Polka dot box with the lid open. A label on the front of the box reads "Our babies"

Grief looks like a black & white polka-dot box holding the ultrasounds of children I’ll never hold. If you too are facing infertility, I’m sorry you’re here.

I’m Annabel Adams. I’m the founder of California Fertility Advocates, a grassroots effort to build support for Assembly Bill (AB) 2029, which would require insurance coverage of IVF in California. In my professional life, I’m a marketer and publicist. But this isn’t what this website is about.

This website was born out of my anger and sadness. For the past three years, I’ve struggled with recurrent pregnancy loss.

I was diagnosed with a “chromosome inversion” right as COVID-19 began to make its way to the U.S. It felt like I was faced with two raging pandemics, both of which would upend my life.

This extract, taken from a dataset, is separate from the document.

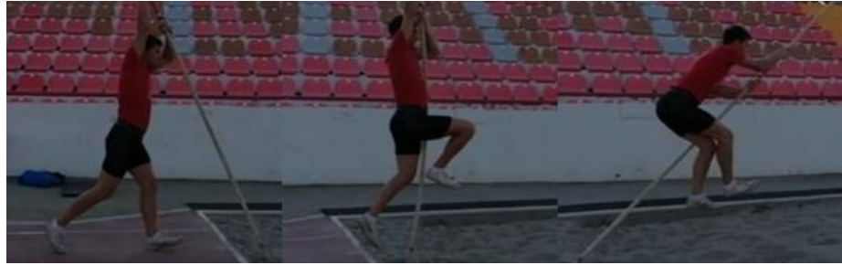
Slika 13. "Split" na motci u jami za skok u dalj

3 years, 6 pregnancy losses, 3 rounds of IVF, over $55,000 paid out of pocket, and I’m still here.

What is a chromosome inversion?

A chromosome inversion falls under the umbrella of “structural chromosome rearrangements,” which includes inversions and balanced translocations. Most people don’t know they have one until they try to have children. Though my inversion is rare, balanced translocations affect 1/500 people. Occurring at a microscopic level, these rearrangements have a big impact on fertility. Unfortunately, they’re under-researched and often misunderstood by doctors and even genetic counselors.

Why this website?

Facing a rare form of infertility, I became passionate about two things:

  1. Science communication. As a professional communicator, I know that storytelling connects us. My hope is that if I share stories about how structural chromosome rearrangements affect fertility and complicate everything we think we know about infertility, I might be able to get legislators to care about funding more research in this area.
  2. IVF legislation. Facing infertility is a beast in and of itself. For people with structural chromosome rearrangements, there is hope with IVF because embryos can be tested to see if they’re affected by our rearrangements before they’re transferred. However, employers scarcely offer IVF coverage. To add insult to injury, insurers often define infertility as “inability to conceive,” which precludes many of us. Facing a financial uphill battle to cover your diagnosis feels like your diagnosis has been squared. Your prognosis should not depend on your paycheck.

On this website, I’ll host conversations with experts on how genetics impact fertility, track the latest IVF & reproductive-rights legislation & advocacy opportunities, and offer a space for first-person stories that put a face to the 1 in 8 who battle infertility.